Lactic acid calculations

[jonboris]

I think ions are very very small so probably it's a lot. I'm curious why it's important to know how many.

I want to know the amount of ions so i can fine tune the recipe and dont contribute with more than whats detectable, in the water book it says 400ppm is a threshold but some can taste it even sooner.
I want to know dag nabit....

Your brewing water spreadsheets should be telling you how to contribute enough to correct for pH, your palate should tell you what's detectable. ppm isn't a measure of ions. I can assure you you are not contributing enough to taste at 1ml in your sparge and mash water.

If you feel you can taste it, switch to phosphoric acid. It's a lower concentration but is vastly more undetectable flavorwise as a pH adjuster. Vastly.

[SweBrew]

Thanks all, but i know how much i´ll need to correct for mash pH and at 1-2ml for a 5gal batch its not detectable, but it would be nice to know how much it contributes. and when it´s noticeable.

[cclarkk]

I came across this thread while looking for an answer to a question that I had. I know it's an old question, but maybe I can shed some light on this for anyone else wondering.

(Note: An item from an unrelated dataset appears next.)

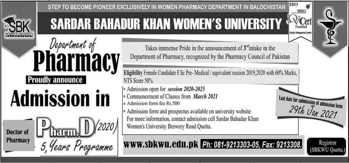 Admissions In Sardar Bahadur Khan Women University Quetta announce the Permanent career opportunities for the post of See Below Ad in Balochistan,Quetta for the fresh and experienced candidates on Permanent basis who have Check Advertisement degree. Posted date of this post is 01/01/2021 and the last date is 29/01/2021. if you are eligible for this job apply before due date.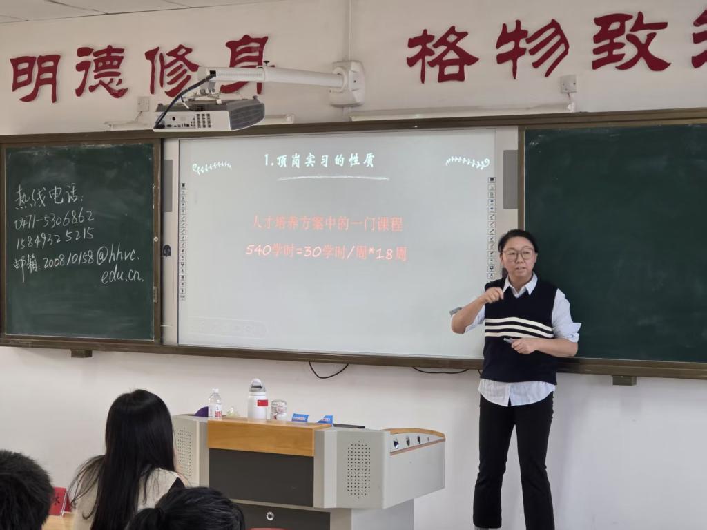 随后,会议进入政策解读与任务部署环节。张越副主任强调了学校对岗位实习工作的部署要求,领学了学校岗位实习工作管理制度,明确了实习制度要求与工作规范。封祺副主任传达了国际教育部岗位实习安全管理制度,筑牢实习安全防线。各教研室主任及专业教师结合不同专业人才培养目标,分领域详解了实习任务、核心内容、能力要求及考核标准。实习实训中心主任公布了国际教育部实习问题反映渠道,保障及时响应学生实习诉求,并围绕实习总体时间安排、实习材料提交及实习管理平台操作流程进行讲解,现场解答学生疑问,保障明确实习具体要求。

Short answer: 5.35*10^21 molecules, each contributing one (H+) and one anion (CH3CHOHCOO-).

Long answer:
First off, it's simply a lot easier to use the same units for everything. Using non-standard units causes most of the head scratching for everyone. Water reports are in ppm, acid in % by dry weight per volume, equivalents, etc. It's easier for the agencies, manufacturers, or whoever to use what they use, so that's why we are always scratching our heads.

As was stated in a previous reply, acid percentage is grams of dry acid per 100mL of solvent, in this case water.
For an 80% solution of lactic acid, you have 80g lactic acid powder added to 100mL water. Using the molar mass of lactic acid, 90.08 g/mole, you can divide into your 80g starting weight and find your solution to contain 0.888 moles. Multiply this by Avogadro's number, 6.022*10^26, and you will find that you have approximately 5.35*10^23 molecules per 100 mL of solution. I say approximately because adding the acid to the solution increases the volume. If you really wanted to know exactly what you had, you could measure the density and use that to calculate the exact amount.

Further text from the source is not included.